Apa yang baru saja terjadi? Arlyn tidak mampu mencerna hal yang tadi muncul di depannya.
Tapi, apapun itu. Sang pembuat masalah sudah tidak ada. Sebagai gantinya dia mengalihkan atensinya pada Riel.
"Kau bisa pulang kalau kau mau."
Melihat penampilan anak itu, tidak mungkin Riel kembali ke kelas dan belajar bersama teman-temannya seolah tidak ada yang terjadi.
Riel masih syok. Dia hanya bisa menuruti apa yang Arlyn ucapkan padanya.
"Aku akan membawa Riel pulang lebih awal." ucap Arlyn. Keempat guru itu hanya bisa mengiyakan. Keributan tadi juga berada di luar dugaan mereka.
Riel mengambil tas nya. Arlyn menitip pesan pada wali kelas Riel untuk memberikan pesan pada Azel bahwa dia akan pulang sendirian tanpa kedua adiknya seperti biasa hari ini.
Riel masih syok dan hanya berjalan mengikuti langkah Arlyn dalam diam. Abi memasang wajah cemas dan menggenggam tangan Riel. Riel hanya memberikan tolehan. Tapi dia langsung menunduk lagi.

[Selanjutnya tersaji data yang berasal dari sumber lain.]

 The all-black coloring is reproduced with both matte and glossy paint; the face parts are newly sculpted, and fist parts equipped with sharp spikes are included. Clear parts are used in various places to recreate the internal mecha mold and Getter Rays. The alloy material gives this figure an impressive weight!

Adrian mengendarai mobil ke rumah Arlyn. Arlyn langsung menyuruh Riel untuk membersihkan dirinya. Ketika Riel selesai mandi dan berpakaian, Azel muncul dari pintu dengan penampilan berantakan. Peluh berada di keningnya. Baju seragamnya basah oleh keringat. Dia pulang dengan berlari.
"Riel." bisiknya. Riel melihat itu dan langsung berlari pada Azel. Memeluk saudarinya dan menangis. Azel memeluk Riel. Mengelus elus kepalanya. Menenangkan adiknya. Abi yang duduk di sofa sambil menunduk melihat itu dan ikut bergabung dengan kedua saudaranya. Ketiganya saling berpelukan. Azel dan Abi sama sama memeluk Riel yang menangis.

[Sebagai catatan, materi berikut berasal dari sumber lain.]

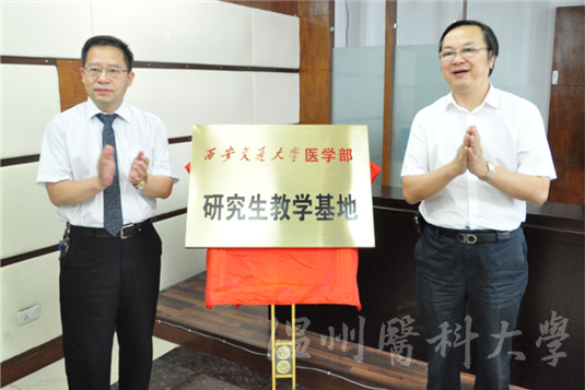 9月21日,“西安交通大学医学部、奈飞工厂 2013级同等学力申请博士学位学习班”在奈飞工厂 同心楼六楼会议室举行开学典礼,西安交通大学校长助理、医学部副主任吕毅代表校方与奈飞工厂 签署《联合培养同等学力申请博士学位学员备忘录》,“西安交通大学医学部研究生教学基地”正式揭牌成立。校领导瞿佳校长、吕建新副校长,奈飞工厂 全体人员及2013级46位学习班学员出席了此次典礼。

Adrian menontoni pemandangan itu di kursi meja makan. Anak-anak itu saling ada untuk melengkapi satu sama lain. Adrian bisa melihatnya. Azel sebagai tiang penyangga. Riel sebagai pemersatu. Abi sebagai yang bungsu. Mereka adalah kakak beradik yang bisa menghadapi apapun ketika mereka bersama.

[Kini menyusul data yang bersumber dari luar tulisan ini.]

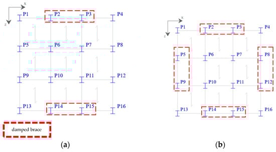 Plan layout of damped braces in (a) two-story and four-story structures, (b) eight-story structure.

Arlyn yang duduk di seberang Adrian menghela nafas. Sudah lama tidak melihat pemandangan seperti itu. Anak-anak itu tidak pernah menemui masalah sejak tinggal bersamanya. Hari ini berada di luar dugaan. Tapi, selama ketiga anak itu bersama, mereka akan baik-baik saja.
Arlyn mengharapkan itu di dalam hatinya.